Collected material ::
[Start of section]

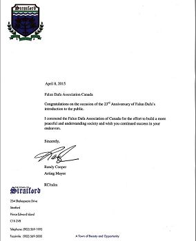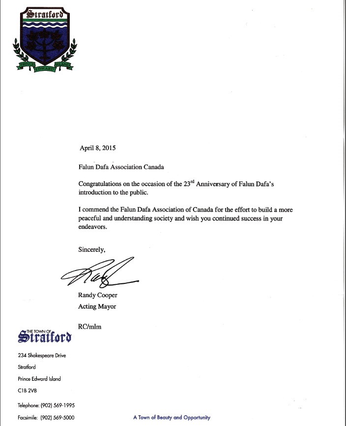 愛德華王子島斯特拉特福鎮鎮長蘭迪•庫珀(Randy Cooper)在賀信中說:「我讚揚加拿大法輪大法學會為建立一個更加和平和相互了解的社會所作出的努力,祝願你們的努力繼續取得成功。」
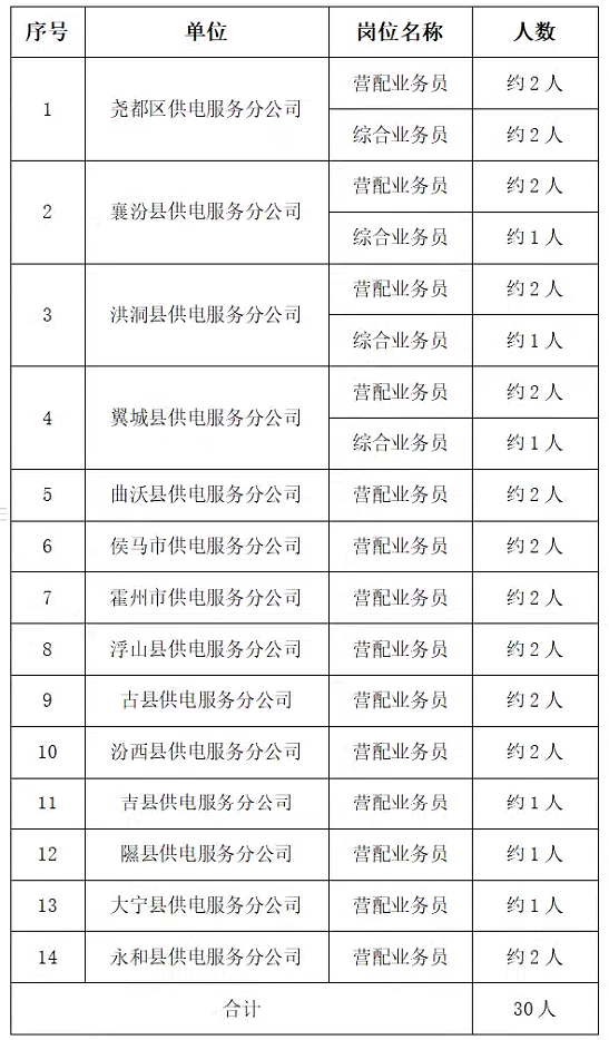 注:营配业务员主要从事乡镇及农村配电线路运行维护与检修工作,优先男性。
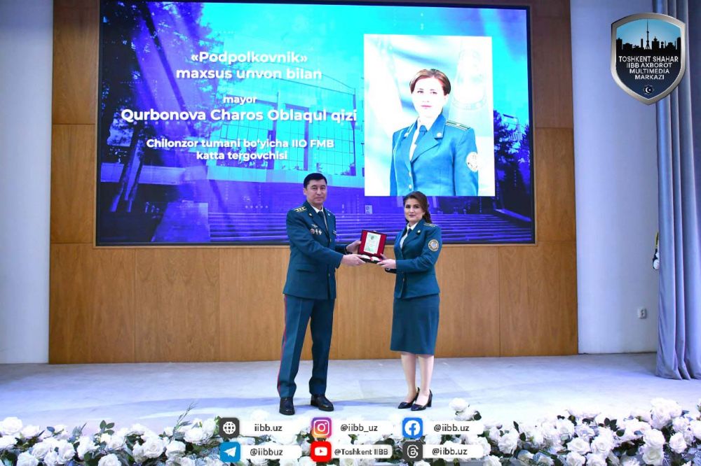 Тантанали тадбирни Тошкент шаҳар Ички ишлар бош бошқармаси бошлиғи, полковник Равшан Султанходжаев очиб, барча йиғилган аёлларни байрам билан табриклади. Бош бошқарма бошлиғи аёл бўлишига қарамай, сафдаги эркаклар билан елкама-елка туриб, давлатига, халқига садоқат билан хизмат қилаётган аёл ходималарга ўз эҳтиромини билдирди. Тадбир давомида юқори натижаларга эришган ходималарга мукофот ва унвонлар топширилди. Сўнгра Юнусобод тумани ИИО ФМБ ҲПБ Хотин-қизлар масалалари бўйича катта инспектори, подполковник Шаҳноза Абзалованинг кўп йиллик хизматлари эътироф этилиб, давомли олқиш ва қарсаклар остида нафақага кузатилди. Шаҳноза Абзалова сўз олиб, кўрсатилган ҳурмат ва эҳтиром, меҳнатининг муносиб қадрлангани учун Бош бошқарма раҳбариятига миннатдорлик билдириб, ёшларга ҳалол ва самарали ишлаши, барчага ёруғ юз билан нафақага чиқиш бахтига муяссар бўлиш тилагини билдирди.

[End of section]

Assignment ::
The expected response is every line of the material, written out exactly, with the images removed.

Answer space ::
 愛德華王子島斯特拉特福鎮鎮長蘭迪•庫珀(Randy Cooper)在賀信中說:「我讚揚加拿大法輪大法學會為建立一個更加和平和相互了解的社會所作出的努力,祝願你們的努力繼續取得成功。」
 注:营配业务员主要从事乡镇及农村配电线路运行维护与检修工作,优先男性。
 Тантанали тадбирни Тошкент шаҳар Ички ишлар бош бошқармаси бошлиғи, полковник Равшан Султанходжаев очиб, барча йиғилган аёлларни байрам билан табриклади. Бош бошқарма бошлиғи аёл бўлишига қарамай, сафдаги эркаклар билан елкама-елка туриб, давлатига, халқига садоқат билан хизмат қилаётган аёл ходималарга ўз эҳтиромини билдирди. Тадбир давомида юқори натижаларга эришган ходималарга мукофот ва унвонлар топширилди. Сўнгра Юнусобод тумани ИИО ФМБ ҲПБ Хотин-қизлар масалалари бўйича катта инспектори, подполковник Шаҳноза Абзалованинг кўп йиллик хизматлари эътироф этилиб, давомли олқиш ва қарсаклар остида нафақага кузатилди. Шаҳноза Абзалова сўз олиб, кўрсатилган ҳурмат ва эҳтиром, меҳнатининг муносиб қадрлангани учун Бош бошқарма раҳбариятига миннатдорлик билдириб, ёшларга ҳалол ва самарали ишлаши, барчага ёруғ юз билан нафақага чиқиш бахтига муяссар бўлиш тилагини билдирди.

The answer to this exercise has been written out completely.